**DATA IN THIS EXERCISE**:
______

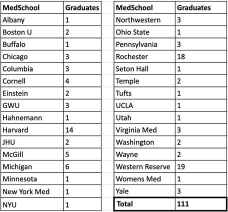 While the development of the program is easy to document from College publications, actual growth of student enrollments and graduations is harder to assess. Chief Federighi kept personal, hand-written records of the graduates who went on to medical schools, although it is not clear how complete these records are. Between 1930 and 1959, he recorded data for 111 graduates enrolling in 31 medical schools; nearly half of all those graduates enrolled at three schools: 19 at Western Reserve, 18 at Rochester, and 14 at Harvard. The Harvard enrollments occurred primarily during the 30s.
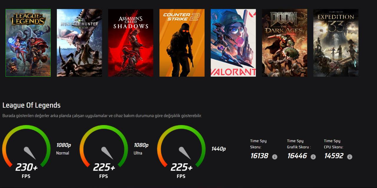 Monster’ın paylaştığı test sonuçlarına göre Tulpar TD3 V1.1.5, rekabetçi ve popüler oyunlarda oldukça yüksek kare hızları sunuyor:
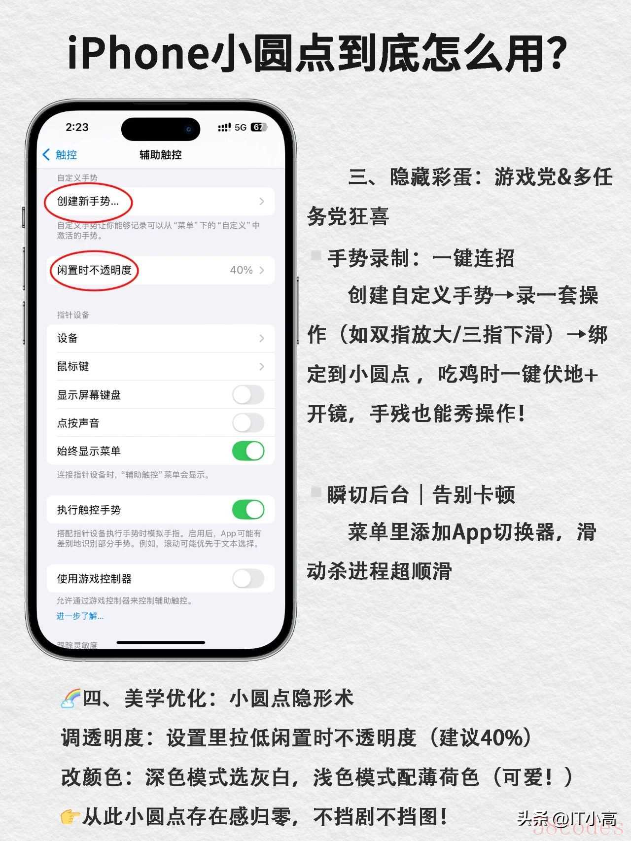 创建自定义手势→录一套操作(如双指放大/三指下滑)→绑定到小圆点
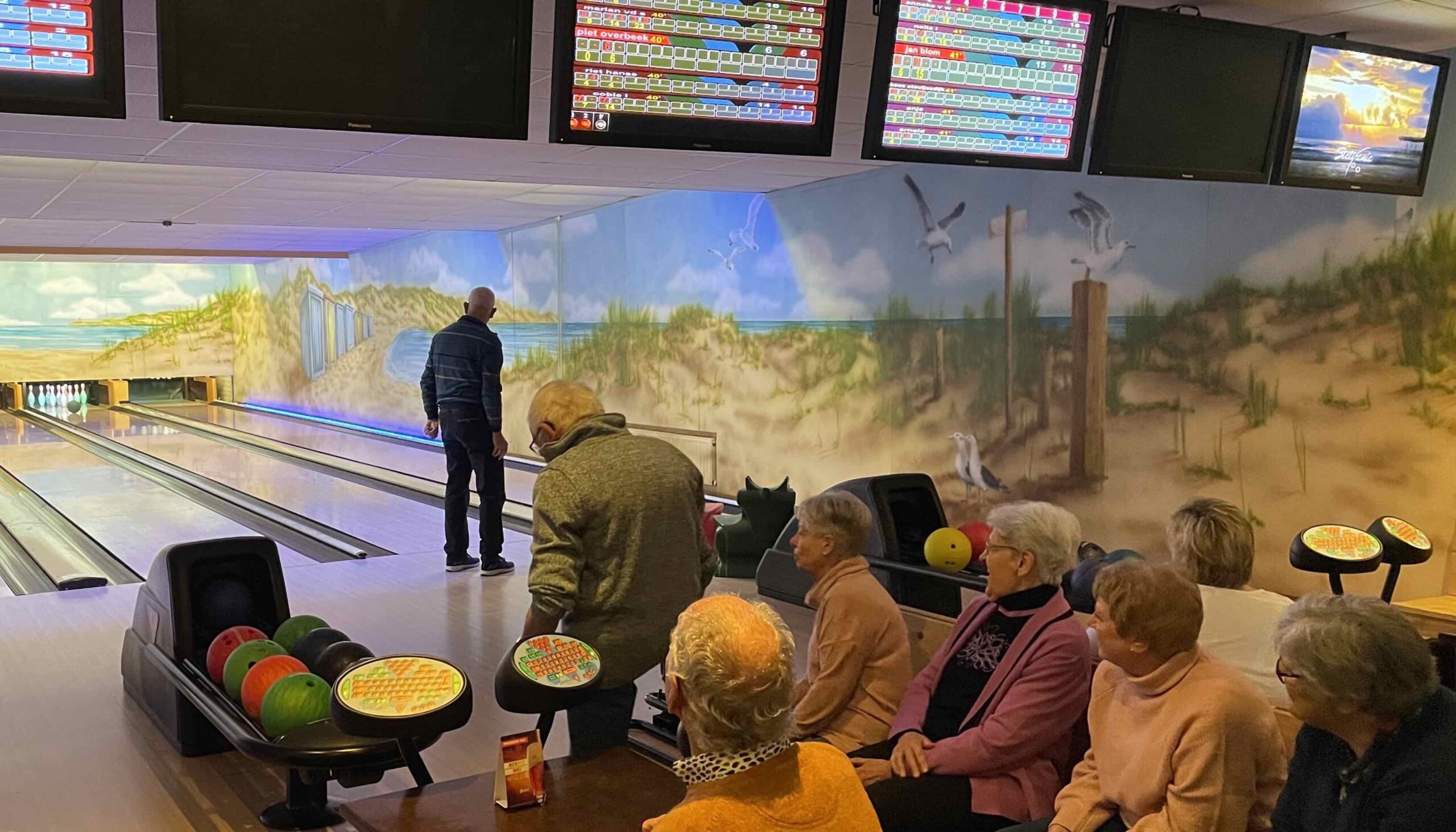 Het bowlen voor de vrijdaggroep.
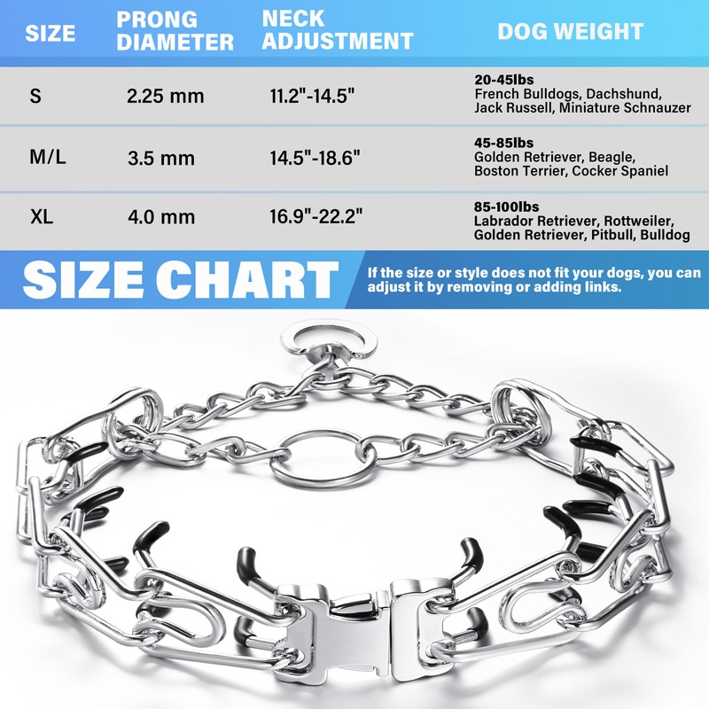 - 【For All Sizes of Breed】Whether your pet is a Pitbull, a German Shepherd, a Beagle, or a Bulldog, our collar is suitable for all size of breed, the package comes with extra links, it is convenient for any adjustment, three different size meets your different needs, suitable for small, medium, large and extra-large dogs, feel free to contact us when you are not sure about the size.
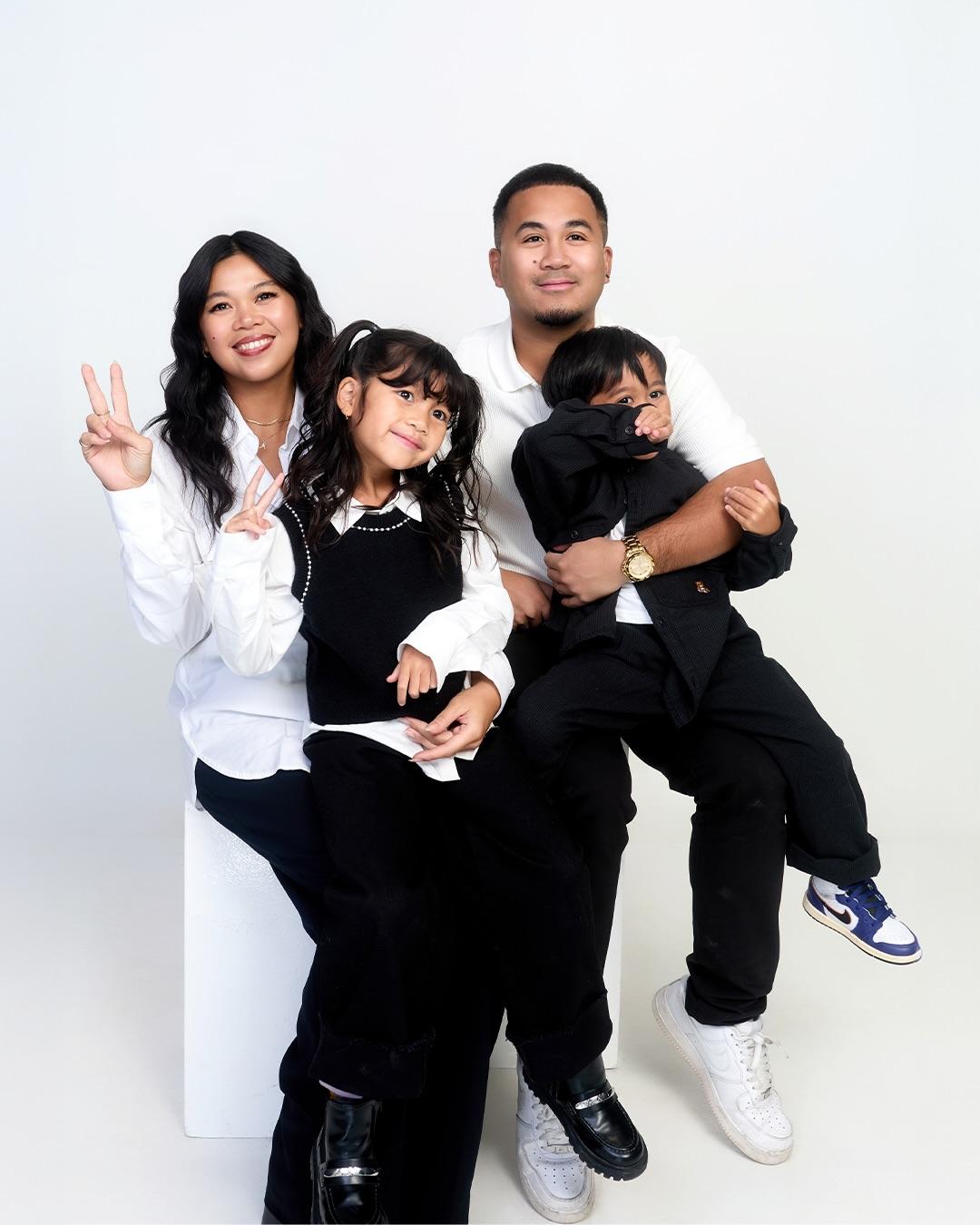 Neutral colors, coordinated outfits, and minimal patterns photograph best. Most studios provide styling guidance before the session.
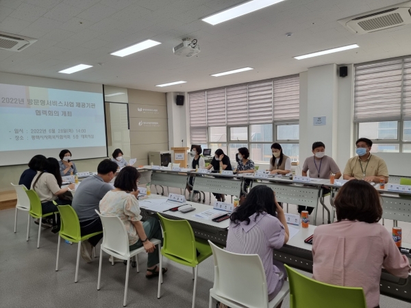 [금요저널] 평택시는 지난 28일 2022년 방문형서비스사업 제공기관과 연계·협력회의를 사회복지협의회 5층 대회의실에서 가졌다.
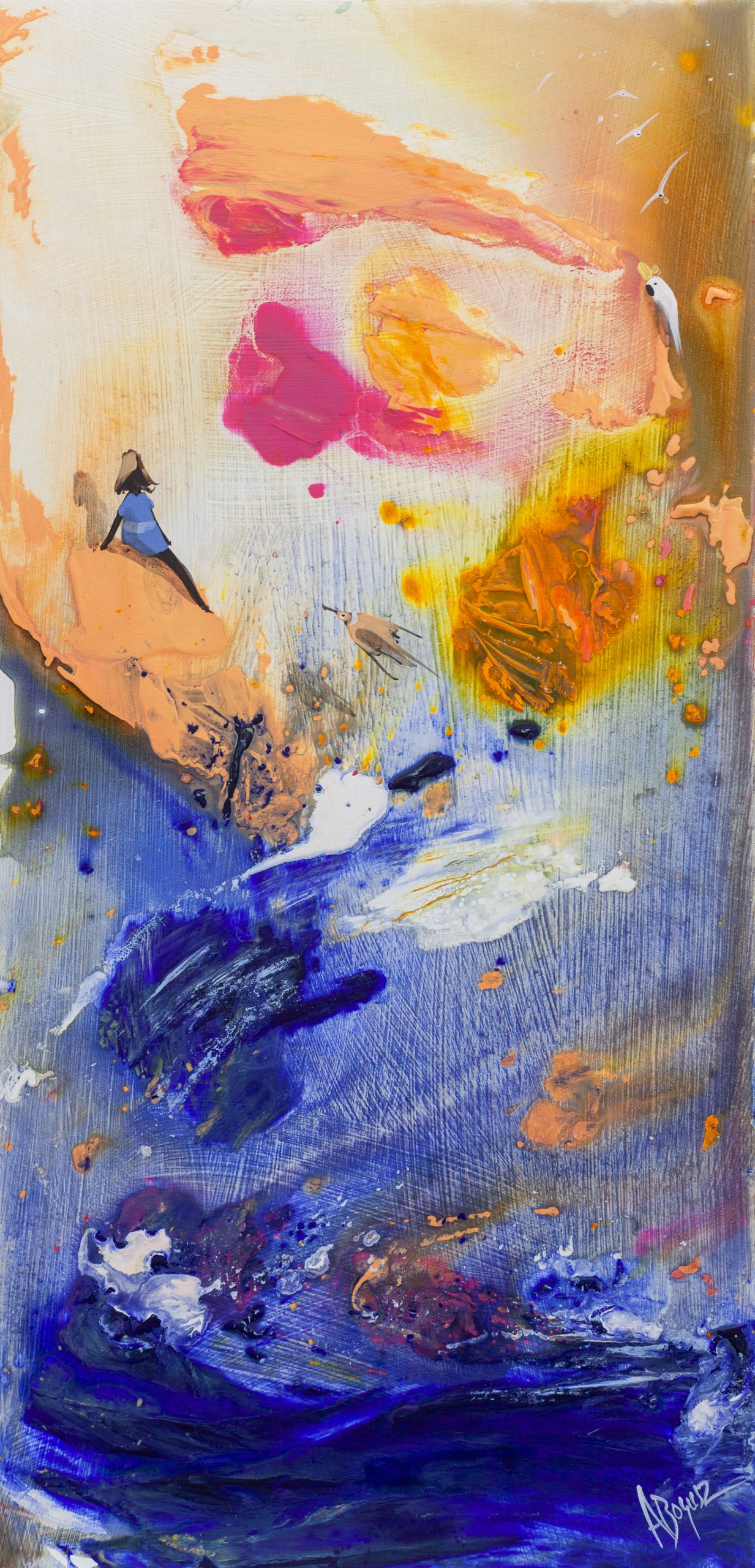 I like the viewer to weave their own story into my paintings, so I’m always hesitant to explain the meaning behind an artwork.
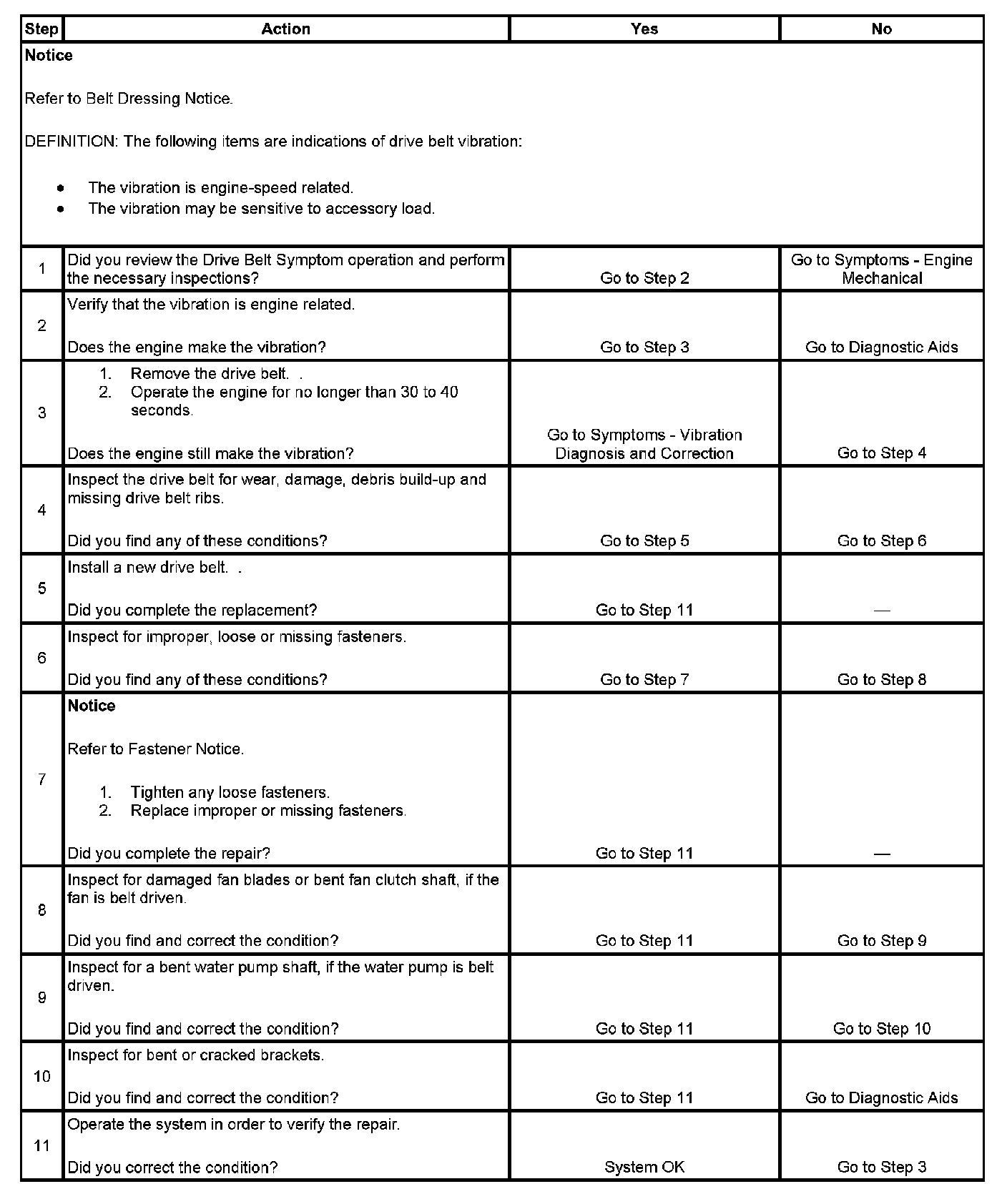 3. This test is to verify that the drive belt(s) or accessory drive components may be causing the vibration. When removing the drive belt the water pump may not be operating and the engine may overheat. Also DTCs may set when the engine is operating with the drive belt removed.

______

**WHAT TO WORK ON**:
From the line that contains "[금요저널] 평택시는 지난" through the last line of the listing, copy each line exactly; both end lines stay in, and pictures stay out.

**SOLUTION TO THIS EXERCISE**:
 [금요저널] 평택시는 지난 28일 2022년 방문형서비스사업 제공기관과 연계·협력회의를 사회복지협의회 5층 대회의실에서 가졌다.
 I like the viewer to weave their own story into my paintings, so I’m always hesitant to explain the meaning behind an artwork.
 3. This test is to verify that the drive belt(s) or accessory drive components may be causing the vibration. When removing the drive belt the water pump may not be operating and the engine may overheat. Also DTCs may set when the engine is operating with the drive belt removed.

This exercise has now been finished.